Records for the exercise:
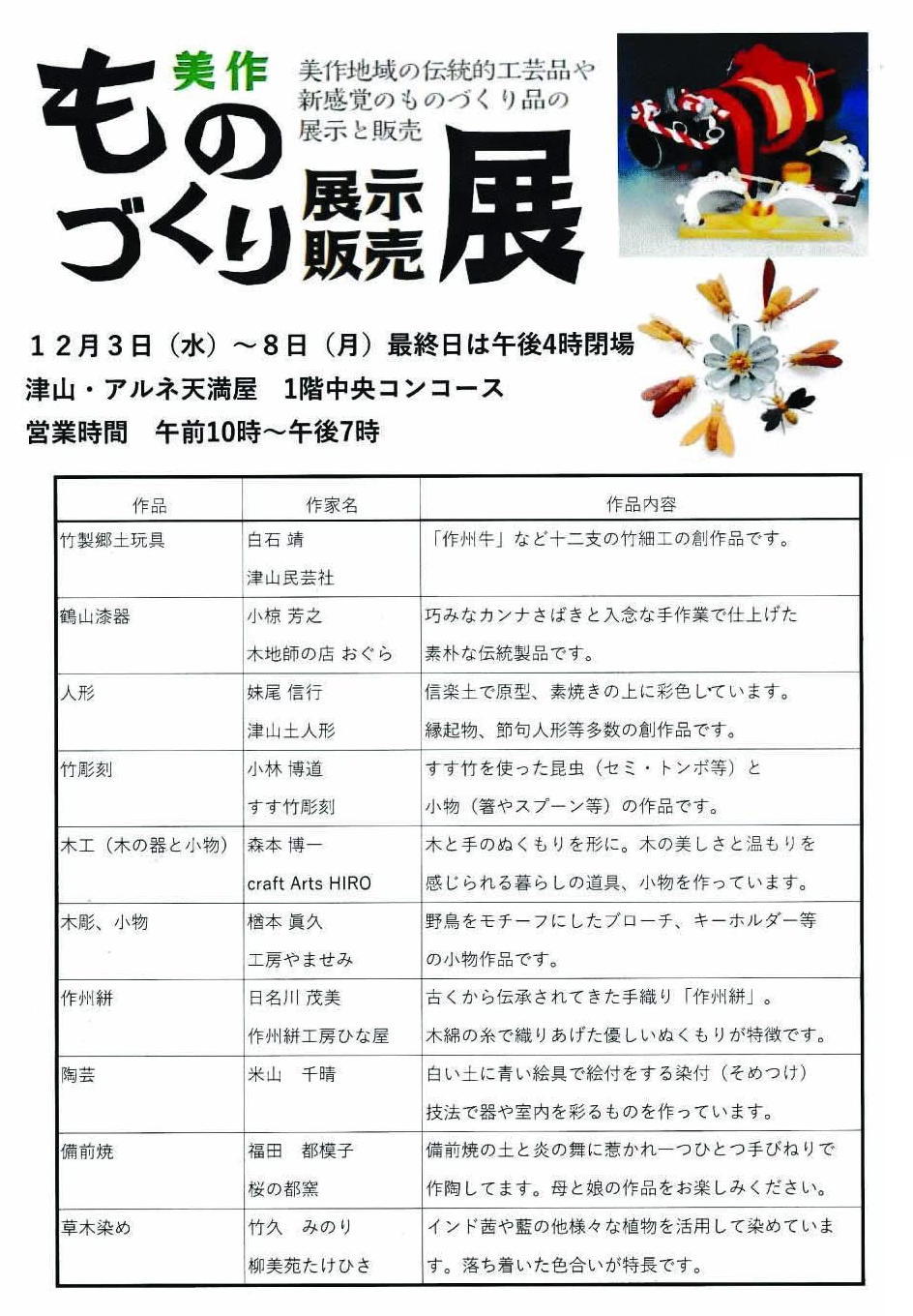 | 開催場所 | 津山・アルネ天満屋 1階中央コンコース |
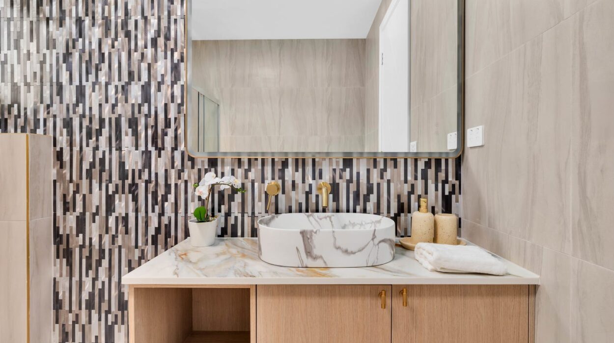 - Gold Accents: Gold hardware and fixtures, such as cabinet handles and faucet, bring a subtle touch of luxury, adding elegance and refinement to the design without overpowering the neutral tones.
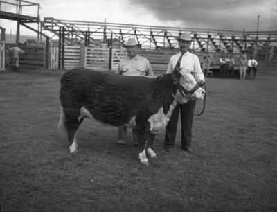 William Hendry, left, manager of Jinkins Hereford Ranch, and D. W. Williams, head of Texas Agricultural and Mechanical College's animal husbandry department, shown with a Jinkins Hereford heifer.
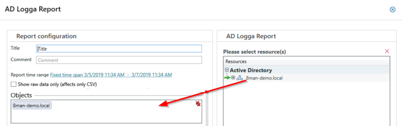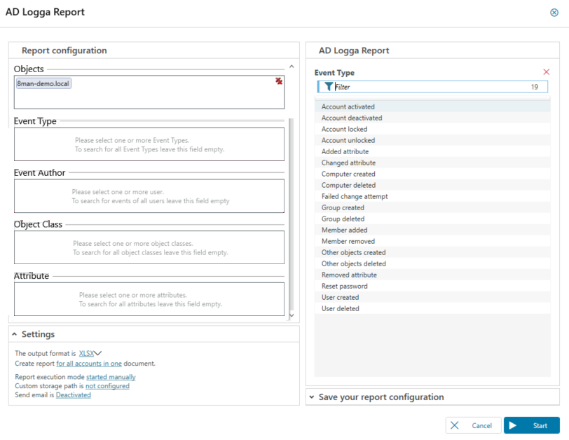 In the AD Logga Report screen, complete the remaining report configuration settings.
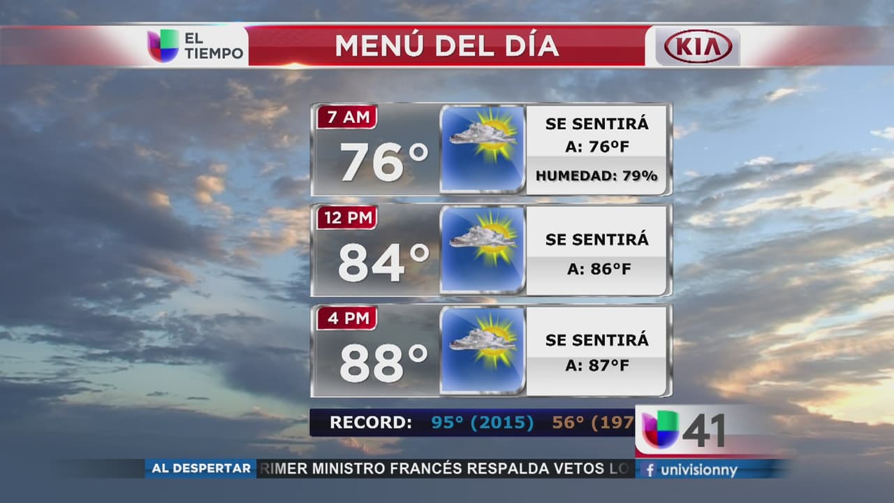 La ciudad amanece este miércoles a 76 grados y alcanzará su máxima temperatura en torno a las 4:00 p.m. cuando esté a 88 grados.
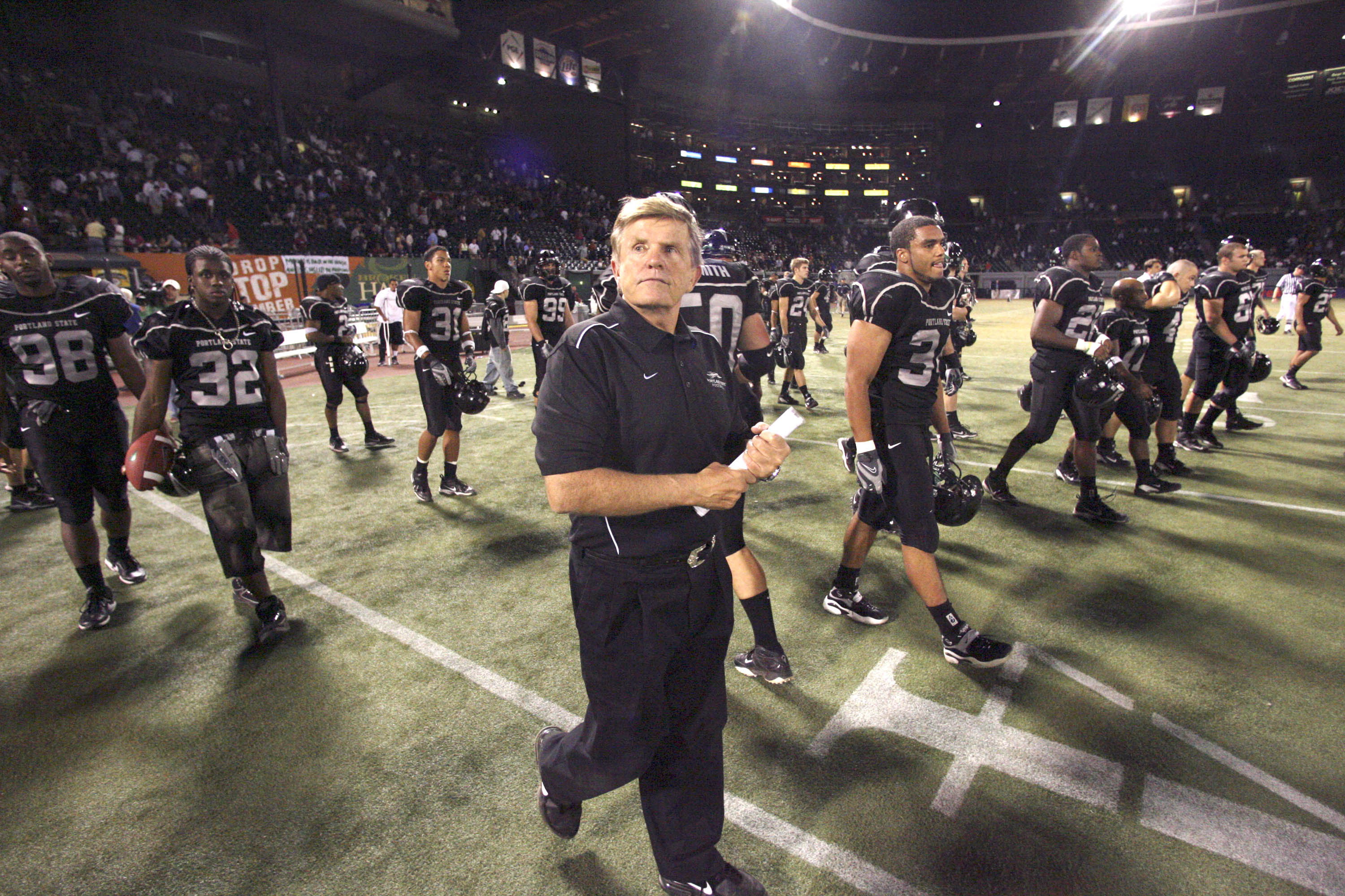 In this 2007 file photo, Portland State coach Jerry Glanville walks off field with his players after a 26-17 loss to UC Davis in an NCAA college football game in Portland, Ore. Glanville resigned today, after three years as head coach of the Portland State. (AP Photo/Rick Bowmer, File)
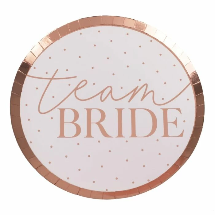 The Team Bride rose gold and blush pink paper plate is perfect for eating tasty hen do treats in style. Whether you are dancing around the room or having a sit down meal, this plate will make sure the celebrations stay stylish!

What to do:
Reproduce all of the entries word for word, skipping any pictures they hold.

Written solution:
 | 開催場所 | 津山・アルネ天満屋 1階中央コンコース |
 - Gold Accents: Gold hardware and fixtures, such as cabinet handles and faucet, bring a subtle touch of luxury, adding elegance and refinement to the design without overpowering the neutral tones.
 William Hendry, left, manager of Jinkins Hereford Ranch, and D. W. Williams, head of Texas Agricultural and Mechanical College's animal husbandry department, shown with a Jinkins Hereford heifer.
 In the AD Logga Report screen, complete the remaining report configuration settings.
 La ciudad amanece este miércoles a 76 grados y alcanzará su máxima temperatura en torno a las 4:00 p.m. cuando esté a 88 grados.
 In this 2007 file photo, Portland State coach Jerry Glanville walks off field with his players after a 26-17 loss to UC Davis in an NCAA college football game in Portland, Ore. Glanville resigned today, after three years as head coach of the Portland State. (AP Photo/Rick Bowmer, File)
 The Team Bride rose gold and blush pink paper plate is perfect for eating tasty hen do treats in style. Whether you are dancing around the room or having a sit down meal, this plate will make sure the celebrations stay stylish!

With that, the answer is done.